_Instructions for the task_.
Transcribe each record precisely; images stay out.

------ Supplied data

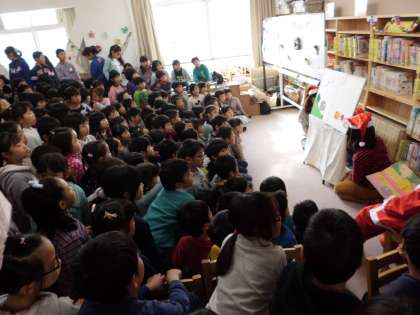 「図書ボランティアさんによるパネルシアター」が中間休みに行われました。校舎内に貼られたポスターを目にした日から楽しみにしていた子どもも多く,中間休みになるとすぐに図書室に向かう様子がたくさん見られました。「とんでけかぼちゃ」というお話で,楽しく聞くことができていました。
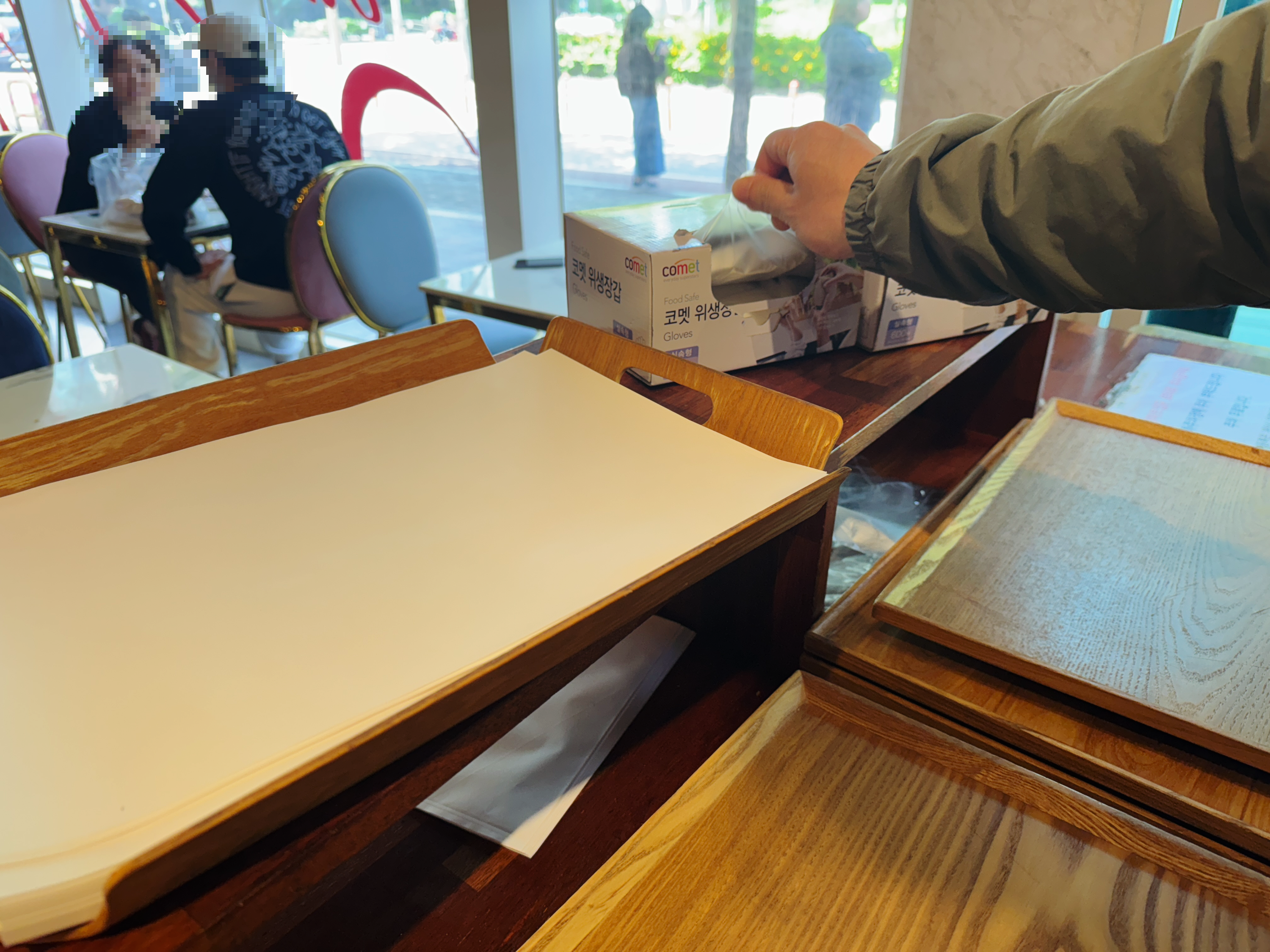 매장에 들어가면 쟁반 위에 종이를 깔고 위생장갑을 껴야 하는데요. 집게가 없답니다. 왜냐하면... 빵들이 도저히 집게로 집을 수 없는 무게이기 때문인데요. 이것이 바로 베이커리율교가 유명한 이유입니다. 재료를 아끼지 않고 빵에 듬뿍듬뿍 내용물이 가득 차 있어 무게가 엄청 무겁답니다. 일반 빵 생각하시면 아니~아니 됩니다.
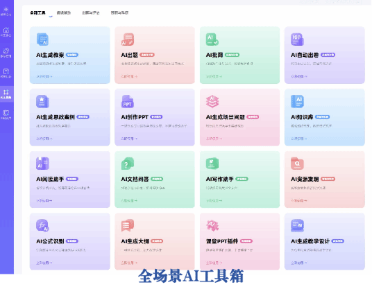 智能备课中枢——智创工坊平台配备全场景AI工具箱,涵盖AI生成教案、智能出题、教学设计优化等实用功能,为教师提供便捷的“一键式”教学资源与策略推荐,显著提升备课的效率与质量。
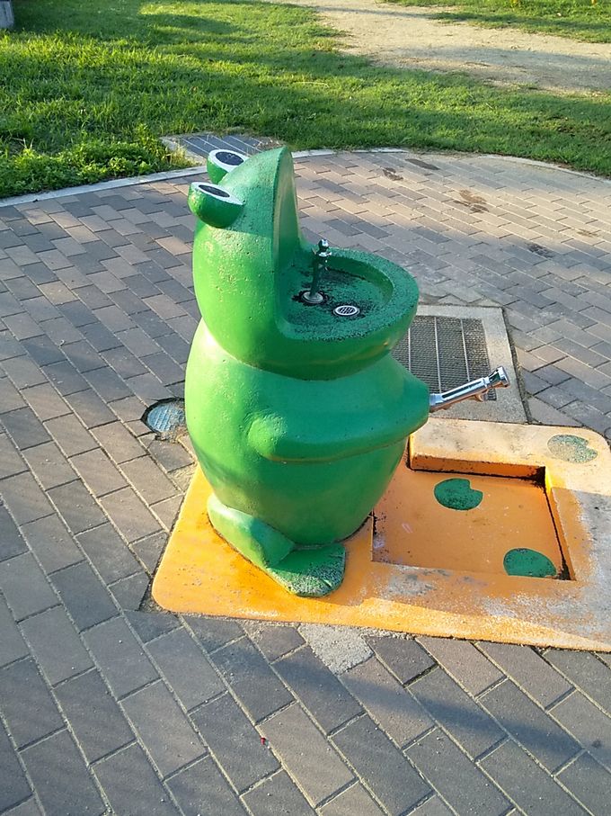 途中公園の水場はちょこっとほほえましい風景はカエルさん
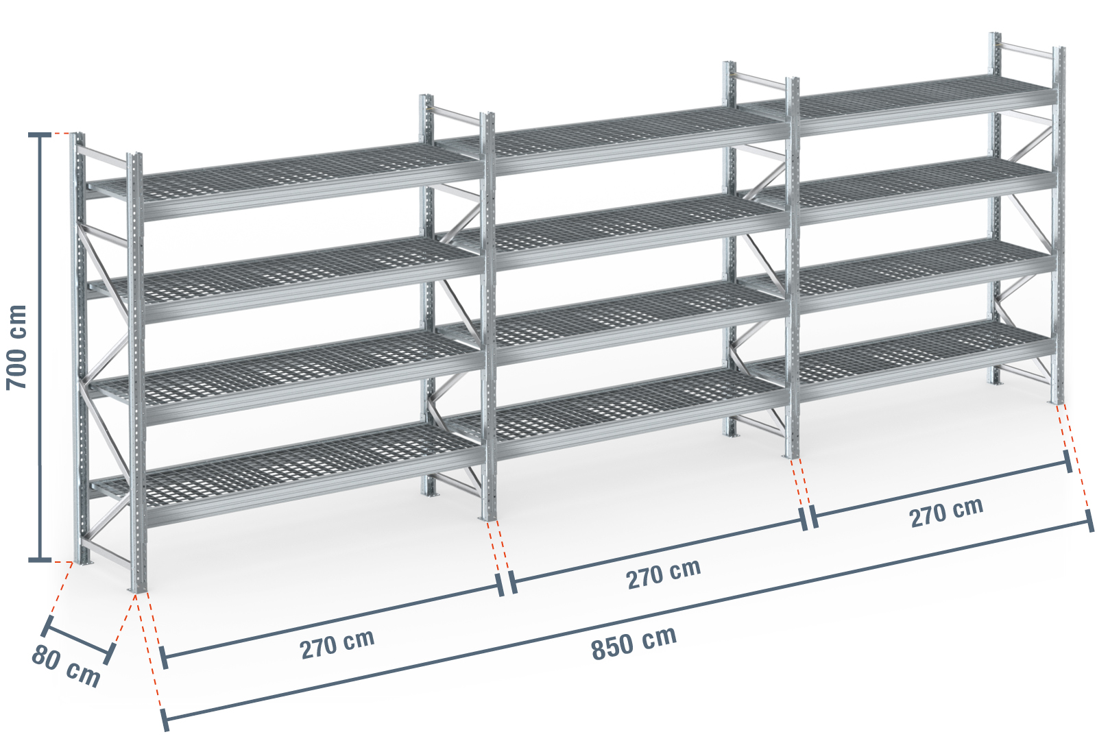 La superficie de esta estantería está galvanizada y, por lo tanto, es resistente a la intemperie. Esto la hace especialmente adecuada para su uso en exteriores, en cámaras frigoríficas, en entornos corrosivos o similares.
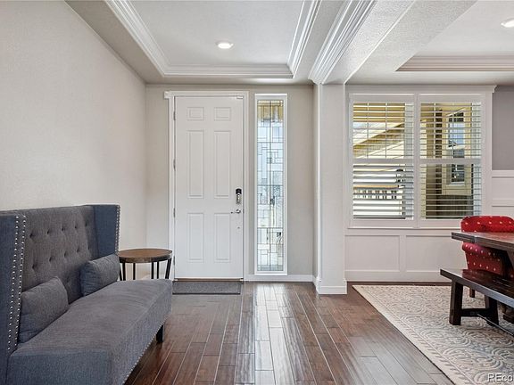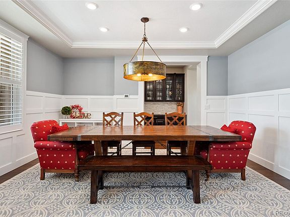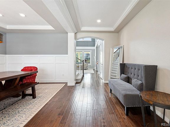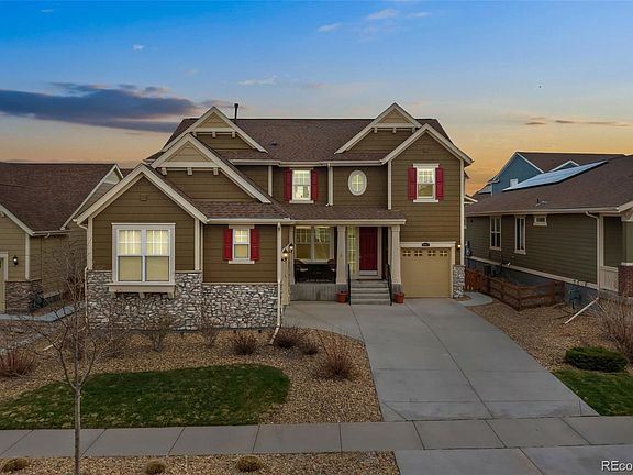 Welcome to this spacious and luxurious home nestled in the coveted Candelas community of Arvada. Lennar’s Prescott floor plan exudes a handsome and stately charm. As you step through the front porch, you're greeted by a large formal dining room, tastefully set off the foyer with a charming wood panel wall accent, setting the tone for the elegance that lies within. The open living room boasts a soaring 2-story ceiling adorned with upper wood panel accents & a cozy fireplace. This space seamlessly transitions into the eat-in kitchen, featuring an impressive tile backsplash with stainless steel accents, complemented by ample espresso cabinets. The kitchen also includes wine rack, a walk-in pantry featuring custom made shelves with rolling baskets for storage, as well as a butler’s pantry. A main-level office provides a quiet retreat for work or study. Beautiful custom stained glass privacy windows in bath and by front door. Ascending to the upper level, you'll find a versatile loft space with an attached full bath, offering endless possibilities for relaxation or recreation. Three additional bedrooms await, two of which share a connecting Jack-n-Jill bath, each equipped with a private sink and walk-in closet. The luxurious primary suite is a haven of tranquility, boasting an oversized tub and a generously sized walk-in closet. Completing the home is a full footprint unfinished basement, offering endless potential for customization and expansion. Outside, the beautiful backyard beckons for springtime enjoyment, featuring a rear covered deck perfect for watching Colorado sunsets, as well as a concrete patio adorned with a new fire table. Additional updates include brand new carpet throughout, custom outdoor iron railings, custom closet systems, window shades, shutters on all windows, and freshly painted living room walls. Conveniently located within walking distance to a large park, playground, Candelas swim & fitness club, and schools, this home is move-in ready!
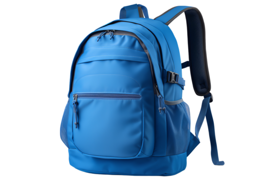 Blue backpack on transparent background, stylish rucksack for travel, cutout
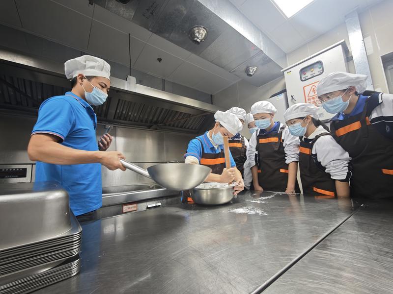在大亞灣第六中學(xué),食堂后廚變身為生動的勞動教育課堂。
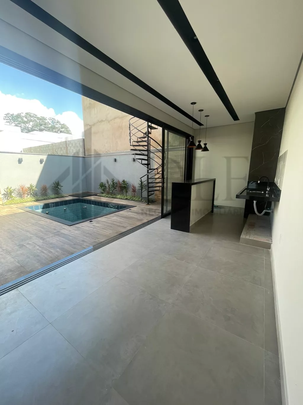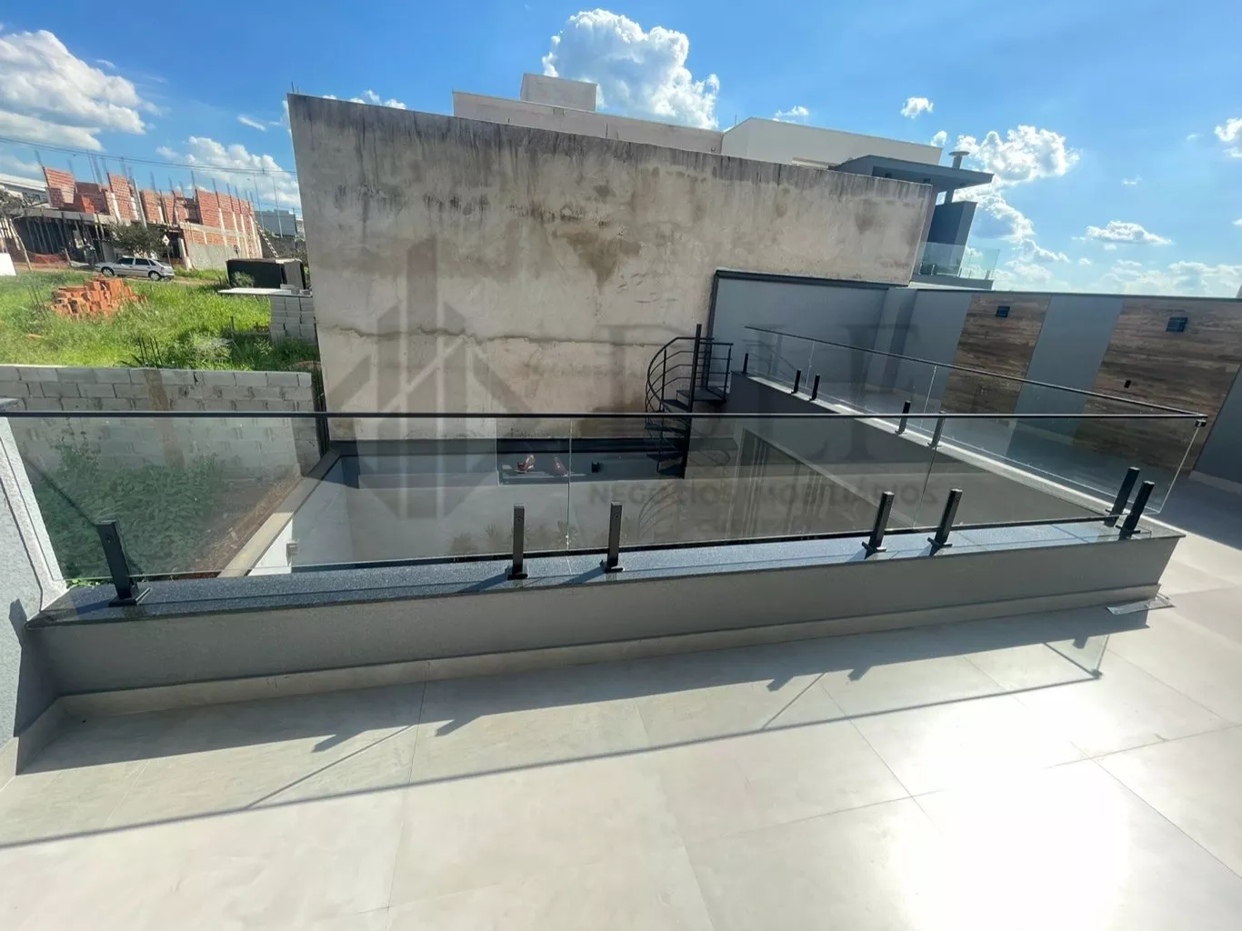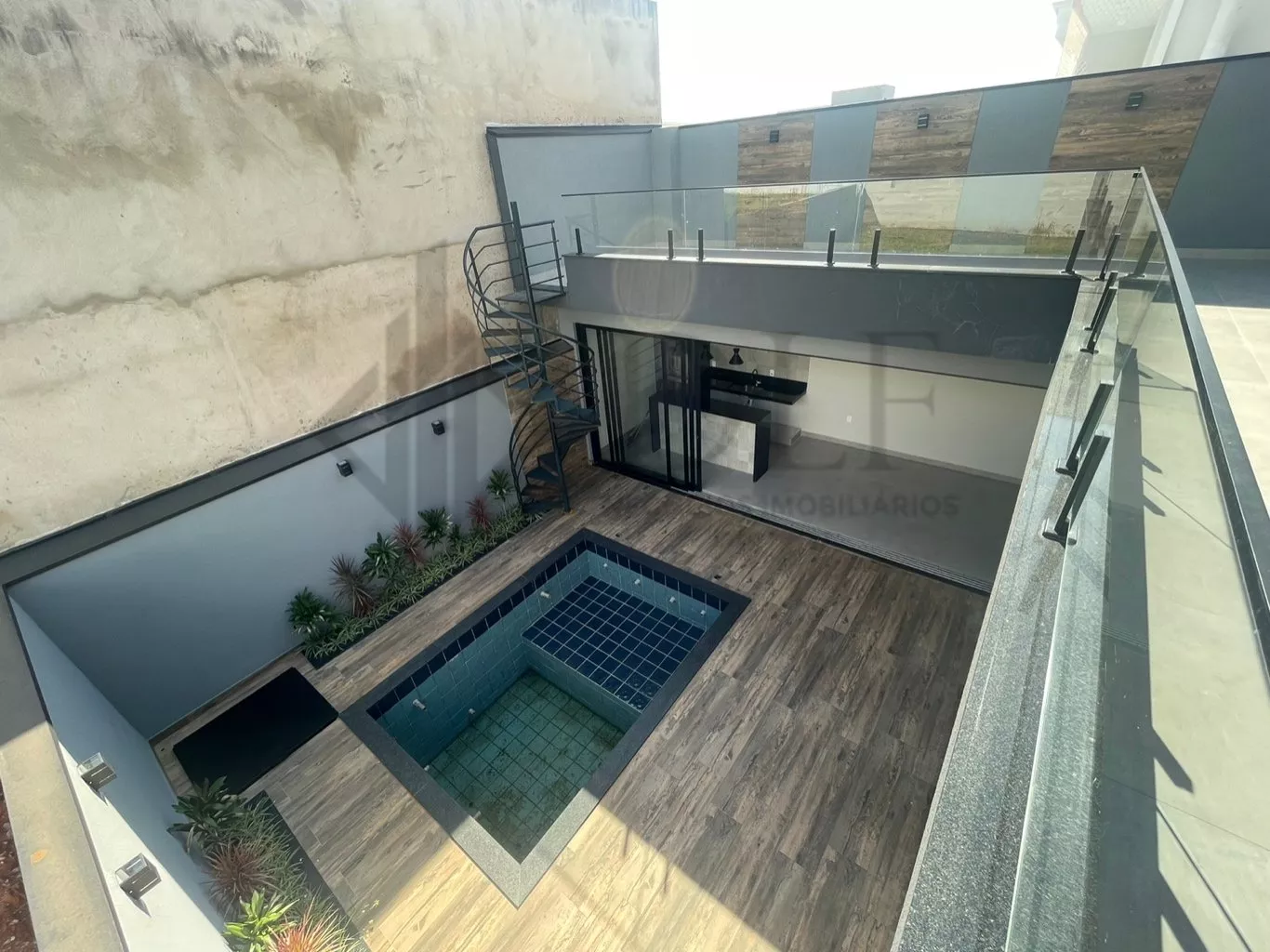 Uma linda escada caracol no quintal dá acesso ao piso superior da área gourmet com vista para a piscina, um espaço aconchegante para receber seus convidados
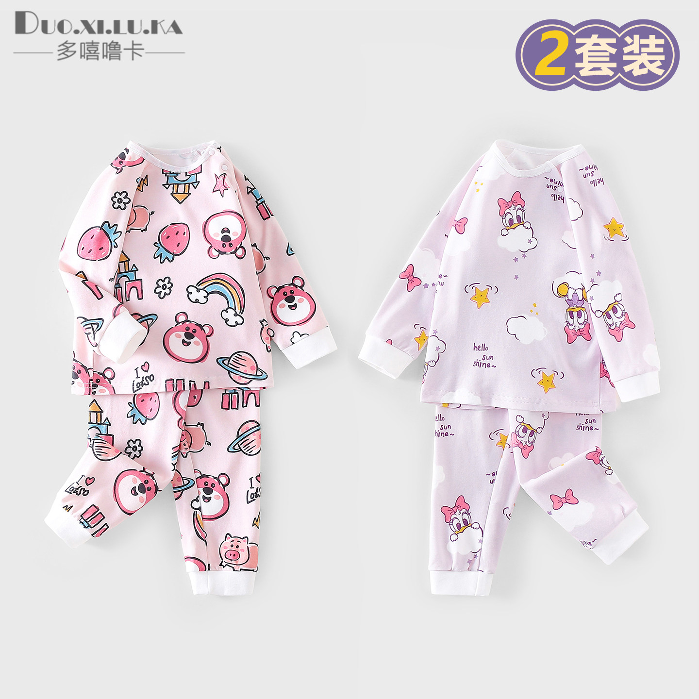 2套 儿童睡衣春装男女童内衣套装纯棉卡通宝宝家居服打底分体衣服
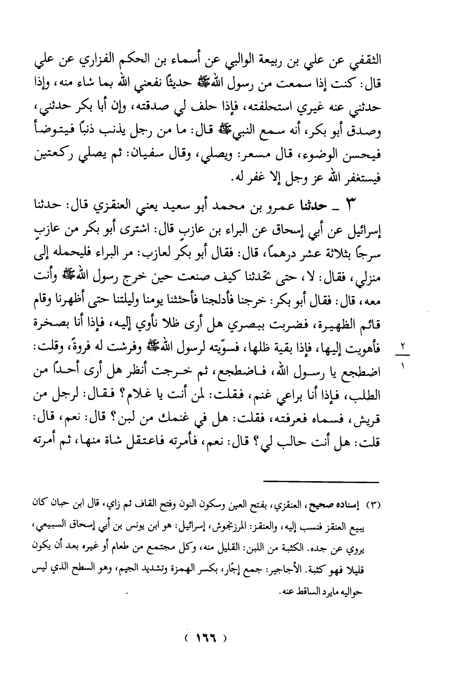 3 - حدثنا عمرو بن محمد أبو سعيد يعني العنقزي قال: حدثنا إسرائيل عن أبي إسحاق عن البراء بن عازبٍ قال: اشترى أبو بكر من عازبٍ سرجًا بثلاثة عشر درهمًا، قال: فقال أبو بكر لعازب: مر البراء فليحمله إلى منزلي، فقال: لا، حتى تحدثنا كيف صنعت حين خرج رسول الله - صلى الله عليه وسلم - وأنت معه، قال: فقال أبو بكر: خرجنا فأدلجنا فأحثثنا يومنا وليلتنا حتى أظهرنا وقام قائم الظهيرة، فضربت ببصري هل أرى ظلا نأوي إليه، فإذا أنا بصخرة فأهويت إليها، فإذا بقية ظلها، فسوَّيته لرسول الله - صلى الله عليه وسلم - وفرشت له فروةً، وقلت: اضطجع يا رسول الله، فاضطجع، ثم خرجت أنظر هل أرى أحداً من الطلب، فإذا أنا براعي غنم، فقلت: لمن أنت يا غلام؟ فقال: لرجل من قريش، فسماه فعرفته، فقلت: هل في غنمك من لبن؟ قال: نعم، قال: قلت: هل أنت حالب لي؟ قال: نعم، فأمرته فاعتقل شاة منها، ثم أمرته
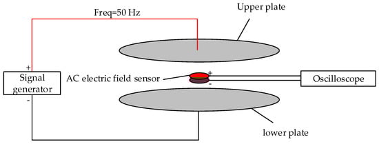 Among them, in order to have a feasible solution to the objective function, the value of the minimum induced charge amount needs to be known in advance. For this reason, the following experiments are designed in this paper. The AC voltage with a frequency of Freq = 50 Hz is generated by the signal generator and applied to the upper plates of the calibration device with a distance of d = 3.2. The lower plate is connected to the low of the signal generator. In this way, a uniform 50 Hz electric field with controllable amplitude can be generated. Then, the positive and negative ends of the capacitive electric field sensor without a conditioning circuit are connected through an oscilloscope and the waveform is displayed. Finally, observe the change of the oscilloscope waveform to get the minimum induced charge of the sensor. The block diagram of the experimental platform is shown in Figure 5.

------------

_Exercise response_.
 「図書ボランティアさんによるパネルシアター」が中間休みに行われました。校舎内に貼られたポスターを目にした日から楽しみにしていた子どもも多く,中間休みになるとすぐに図書室に向かう様子がたくさん見られました。「とんでけかぼちゃ」というお話で,楽しく聞くことができていました。
 매장에 들어가면 쟁반 위에 종이를 깔고 위생장갑을 껴야 하는데요. 집게가 없답니다. 왜냐하면... 빵들이 도저히 집게로 집을 수 없는 무게이기 때문인데요. 이것이 바로 베이커리율교가 유명한 이유입니다. 재료를 아끼지 않고 빵에 듬뿍듬뿍 내용물이 가득 차 있어 무게가 엄청 무겁답니다. 일반 빵 생각하시면 아니~아니 됩니다.
 智能备课中枢——智创工坊平台配备全场景AI工具箱,涵盖AI生成教案、智能出题、教学设计优化等实用功能,为教师提供便捷的“一键式”教学资源与策略推荐,显著提升备课的效率与质量。
 途中公園の水場はちょこっとほほえましい風景はカエルさん
 La superficie de esta estantería está galvanizada y, por lo tanto, es resistente a la intemperie. Esto la hace especialmente adecuada para su uso en exteriores, en cámaras frigoríficas, en entornos corrosivos o similares.
 Welcome to this spacious and luxurious home nestled in the coveted Candelas community of Arvada. Lennar’s Prescott floor plan exudes a handsome and stately charm. As you step through the front porch, you're greeted by a large formal dining room, tastefully set off the foyer with a charming wood panel wall accent, setting the tone for the elegance that lies within. The open living room boasts a soaring 2-story ceiling adorned with upper wood panel accents & a cozy fireplace. This space seamlessly transitions into the eat-in kitchen, featuring an impressive tile backsplash with stainless steel accents, complemented by ample espresso cabinets. The kitchen also includes wine rack, a walk-in pantry featuring custom made shelves with rolling baskets for storage, as well as a butler’s pantry. A main-level office provides a quiet retreat for work or study. Beautiful custom stained glass privacy windows in bath and by front door. Ascending to the upper level, you'll find a versatile loft space with an attached full bath, offering endless possibilities for relaxation or recreation. Three additional bedrooms await, two of which share a connecting Jack-n-Jill bath, each equipped with a private sink and walk-in closet. The luxurious primary suite is a haven of tranquility, boasting an oversized tub and a generously sized walk-in closet. Completing the home is a full footprint unfinished basement, offering endless potential for customization and expansion. Outside, the beautiful backyard beckons for springtime enjoyment, featuring a rear covered deck perfect for watching Colorado sunsets, as well as a concrete patio adorned with a new fire table. Additional updates include brand new carpet throughout, custom outdoor iron railings, custom closet systems, window shades, shutters on all windows, and freshly painted living room walls. Conveniently located within walking distance to a large park, playground, Candelas swim & fitness club, and schools, this home is move-in ready!
 Blue backpack on transparent background, stylish rucksack for travel, cutout
在大亞灣第六中學(xué),食堂后廚變身為生動的勞動教育課堂。
 Uma linda escada caracol no quintal dá acesso ao piso superior da área gourmet com vista para a piscina, um espaço aconchegante para receber seus convidados
 2套 儿童睡衣春装男女童内衣套装纯棉卡通宝宝家居服打底分体衣服
 3 - حدثنا عمرو بن محمد أبو سعيد يعني العنقزي قال: حدثنا إسرائيل عن أبي إسحاق عن البراء بن عازبٍ قال: اشترى أبو بكر من عازبٍ سرجًا بثلاثة عشر درهمًا، قال: فقال أبو بكر لعازب: مر البراء فليحمله إلى منزلي، فقال: لا، حتى تحدثنا كيف صنعت حين خرج رسول الله - صلى الله عليه وسلم - وأنت معه، قال: فقال أبو بكر: خرجنا فأدلجنا فأحثثنا يومنا وليلتنا حتى أظهرنا وقام قائم الظهيرة، فضربت ببصري هل أرى ظلا نأوي إليه، فإذا أنا بصخرة فأهويت إليها، فإذا بقية ظلها، فسوَّيته لرسول الله - صلى الله عليه وسلم - وفرشت له فروةً، وقلت: اضطجع يا رسول الله، فاضطجع، ثم خرجت أنظر هل أرى أحداً من الطلب، فإذا أنا براعي غنم، فقلت: لمن أنت يا غلام؟ فقال: لرجل من قريش، فسماه فعرفته، فقلت: هل في غنمك من لبن؟ قال: نعم، قال: قلت: هل أنت حالب لي؟ قال: نعم، فأمرته فاعتقل شاة منها، ثم أمرته
 Among them, in order to have a feasible solution to the objective function, the value of the minimum induced charge amount needs to be known in advance. For this reason, the following experiments are designed in this paper. The AC voltage with a frequency of Freq = 50 Hz is generated by the signal generator and applied to the upper plates of the calibration device with a distance of d = 3.2. The lower plate is connected to the low of the signal generator. In this way, a uniform 50 Hz electric field with controllable amplitude can be generated. Then, the positive and negative ends of the capacitive electric field sensor without a conditioning circuit are connected through an oscilloscope and the waveform is displayed. Finally, observe the change of the oscilloscope waveform to get the minimum induced charge of the sensor. The block diagram of the experimental platform is shown in Figure 5.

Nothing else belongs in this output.